Provided material:
Segment Open

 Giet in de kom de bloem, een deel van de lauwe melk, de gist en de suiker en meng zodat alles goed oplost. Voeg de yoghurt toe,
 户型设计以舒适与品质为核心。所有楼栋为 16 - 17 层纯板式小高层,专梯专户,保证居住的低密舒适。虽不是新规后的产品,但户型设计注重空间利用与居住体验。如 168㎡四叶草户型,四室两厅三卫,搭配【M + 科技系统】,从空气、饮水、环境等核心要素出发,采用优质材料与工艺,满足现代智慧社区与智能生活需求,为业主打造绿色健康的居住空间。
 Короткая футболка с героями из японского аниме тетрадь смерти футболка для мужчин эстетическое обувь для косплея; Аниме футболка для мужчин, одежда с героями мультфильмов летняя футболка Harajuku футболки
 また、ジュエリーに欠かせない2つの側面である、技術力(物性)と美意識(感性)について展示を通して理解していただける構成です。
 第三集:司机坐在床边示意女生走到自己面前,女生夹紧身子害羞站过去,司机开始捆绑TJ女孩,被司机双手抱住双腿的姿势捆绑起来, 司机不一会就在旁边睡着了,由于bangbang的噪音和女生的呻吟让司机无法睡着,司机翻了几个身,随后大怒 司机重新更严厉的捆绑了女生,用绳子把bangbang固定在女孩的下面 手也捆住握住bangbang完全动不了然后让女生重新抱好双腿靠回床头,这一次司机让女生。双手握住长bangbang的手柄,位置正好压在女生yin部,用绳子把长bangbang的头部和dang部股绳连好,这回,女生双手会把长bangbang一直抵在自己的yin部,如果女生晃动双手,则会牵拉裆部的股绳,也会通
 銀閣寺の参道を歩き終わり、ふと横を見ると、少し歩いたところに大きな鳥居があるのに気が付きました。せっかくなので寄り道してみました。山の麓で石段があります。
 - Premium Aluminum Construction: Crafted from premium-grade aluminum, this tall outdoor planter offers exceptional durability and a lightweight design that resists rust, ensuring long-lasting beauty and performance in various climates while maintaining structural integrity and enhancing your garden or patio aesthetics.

Segment Closed

About this exercise: Hand back the material above in full, exactly as written.

Result for this task:
 Giet in de kom de bloem, een deel van de lauwe melk, de gist en de suiker en meng zodat alles goed oplost. Voeg de yoghurt toe,
 户型设计以舒适与品质为核心。所有楼栋为 16 - 17 层纯板式小高层,专梯专户,保证居住的低密舒适。虽不是新规后的产品,但户型设计注重空间利用与居住体验。如 168㎡四叶草户型,四室两厅三卫,搭配【M + 科技系统】,从空气、饮水、环境等核心要素出发,采用优质材料与工艺,满足现代智慧社区与智能生活需求,为业主打造绿色健康的居住空间。
 Короткая футболка с героями из японского аниме тетрадь смерти футболка для мужчин эстетическое обувь для косплея; Аниме футболка для мужчин, одежда с героями мультфильмов летняя футболка Harajuku футболки
 また、ジュエリーに欠かせない2つの側面である、技術力(物性)と美意識(感性)について展示を通して理解していただける構成です。
 第三集:司机坐在床边示意女生走到自己面前,女生夹紧身子害羞站过去,司机开始捆绑TJ女孩,被司机双手抱住双腿的姿势捆绑起来, 司机不一会就在旁边睡着了,由于bangbang的噪音和女生的呻吟让司机无法睡着,司机翻了几个身,随后大怒 司机重新更严厉的捆绑了女生,用绳子把bangbang固定在女孩的下面 手也捆住握住bangbang完全动不了然后让女生重新抱好双腿靠回床头,这一次司机让女生。双手握住长bangbang的手柄,位置正好压在女生yin部,用绳子把长bangbang的头部和dang部股绳连好,这回,女生双手会把长bangbang一直抵在自己的yin部,如果女生晃动双手,则会牵拉裆部的股绳,也会通
 銀閣寺の参道を歩き終わり、ふと横を見ると、少し歩いたところに大きな鳥居があるのに気が付きました。せっかくなので寄り道してみました。山の麓で石段があります。
 - Premium Aluminum Construction: Crafted from premium-grade aluminum, this tall outdoor planter offers exceptional durability and a lightweight design that resists rust, ensuring long-lasting beauty and performance in various climates while maintaining structural integrity and enhancing your garden or patio aesthetics.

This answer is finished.